**Work task**
Some of the lines below need repeating. Reproduce exactly those between the lines holding "⑤. 계좌통합관리서비스 메뉴가" and "Deep plum screen", inclusive.

#### Exercise data

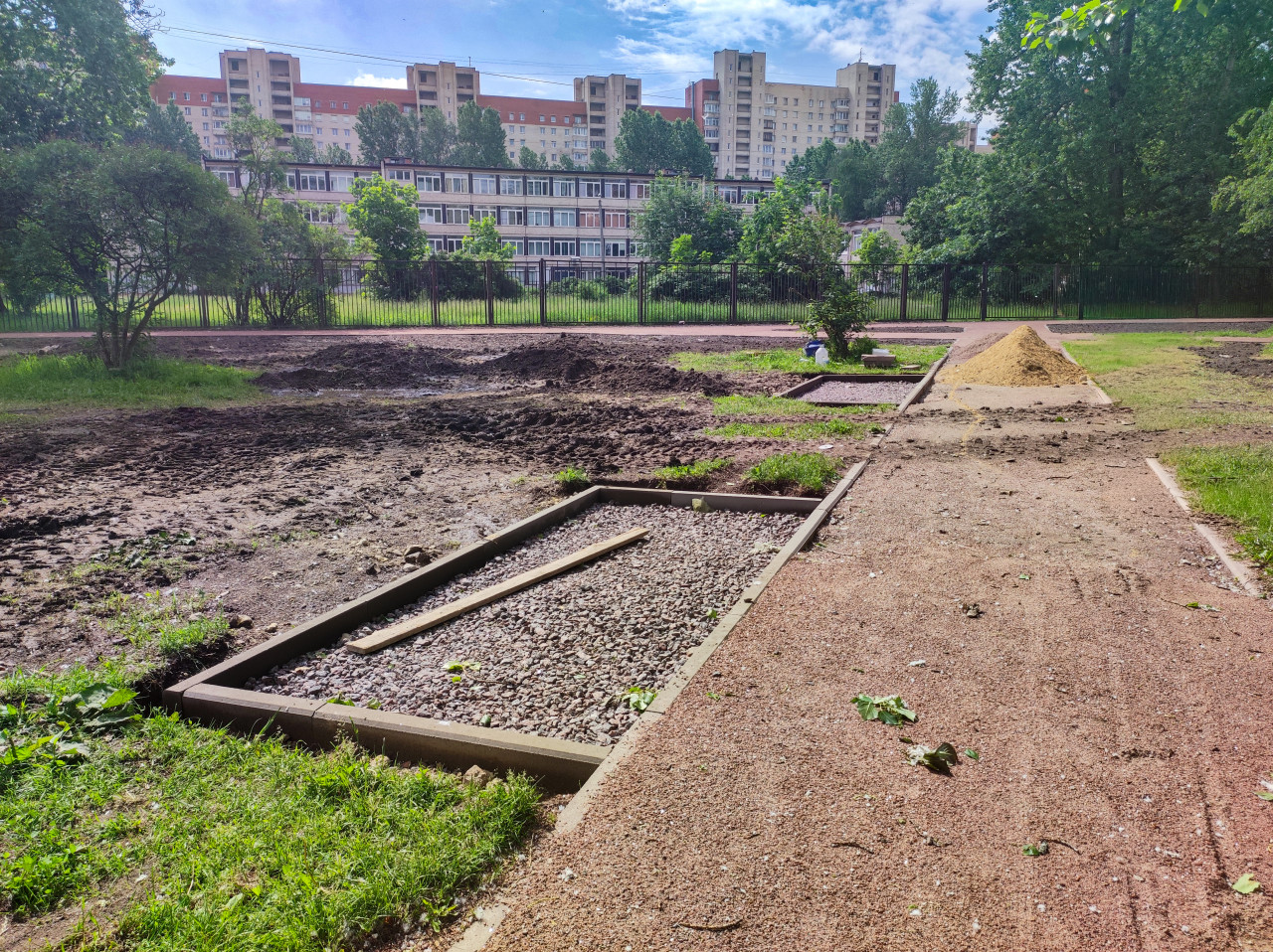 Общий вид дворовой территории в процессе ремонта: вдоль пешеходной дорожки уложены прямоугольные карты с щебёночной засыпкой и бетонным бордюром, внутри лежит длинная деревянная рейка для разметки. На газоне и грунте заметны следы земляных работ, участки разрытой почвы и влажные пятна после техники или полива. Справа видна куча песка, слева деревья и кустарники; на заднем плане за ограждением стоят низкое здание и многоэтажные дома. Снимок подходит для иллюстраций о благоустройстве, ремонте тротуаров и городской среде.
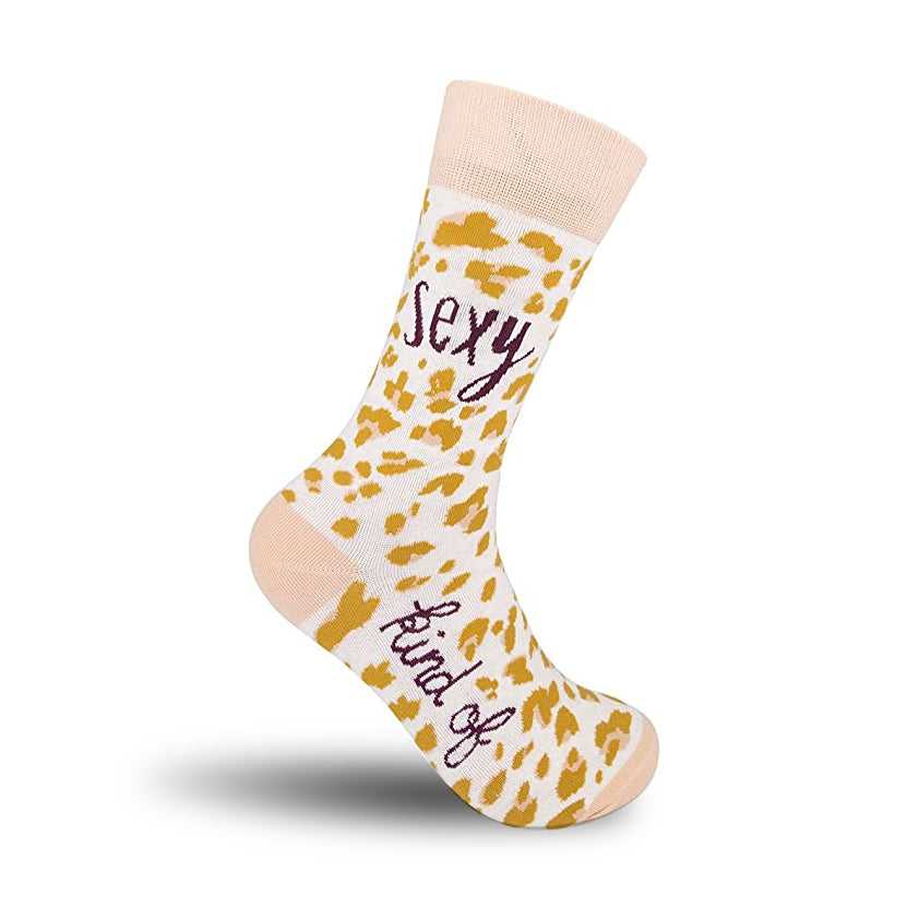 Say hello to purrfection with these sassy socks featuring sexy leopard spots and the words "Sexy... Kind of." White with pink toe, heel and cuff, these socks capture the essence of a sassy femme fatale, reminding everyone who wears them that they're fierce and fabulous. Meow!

########
#### Exercise data

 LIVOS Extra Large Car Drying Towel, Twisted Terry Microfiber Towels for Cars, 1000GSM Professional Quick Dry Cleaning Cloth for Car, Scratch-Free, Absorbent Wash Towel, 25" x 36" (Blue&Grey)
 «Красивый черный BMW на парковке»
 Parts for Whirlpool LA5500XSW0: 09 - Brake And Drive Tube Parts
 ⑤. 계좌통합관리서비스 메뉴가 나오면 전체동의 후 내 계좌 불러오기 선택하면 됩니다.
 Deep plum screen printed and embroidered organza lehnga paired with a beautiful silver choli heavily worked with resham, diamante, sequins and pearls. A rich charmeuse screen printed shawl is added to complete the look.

########
#### Exercise data

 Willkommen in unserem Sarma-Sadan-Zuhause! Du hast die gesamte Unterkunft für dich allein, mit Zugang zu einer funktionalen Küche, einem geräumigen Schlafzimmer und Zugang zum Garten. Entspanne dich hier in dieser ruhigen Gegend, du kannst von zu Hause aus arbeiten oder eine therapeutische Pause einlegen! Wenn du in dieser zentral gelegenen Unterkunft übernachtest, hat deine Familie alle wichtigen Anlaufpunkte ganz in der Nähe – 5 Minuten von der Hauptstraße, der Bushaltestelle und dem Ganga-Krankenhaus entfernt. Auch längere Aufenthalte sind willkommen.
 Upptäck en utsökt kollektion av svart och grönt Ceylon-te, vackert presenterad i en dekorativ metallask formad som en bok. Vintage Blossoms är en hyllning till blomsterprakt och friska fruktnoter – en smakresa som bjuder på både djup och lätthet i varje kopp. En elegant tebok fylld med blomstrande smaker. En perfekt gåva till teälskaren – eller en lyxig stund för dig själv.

########

**Reply**
 ⑤. 계좌통합관리서비스 메뉴가 나오면 전체동의 후 내 계좌 불러오기 선택하면 됩니다.
 Deep plum screen printed and embroidered organza lehnga paired with a beautiful silver choli heavily worked with resham, diamante, sequins and pearls. A rich charmeuse screen printed shawl is added to complete the look.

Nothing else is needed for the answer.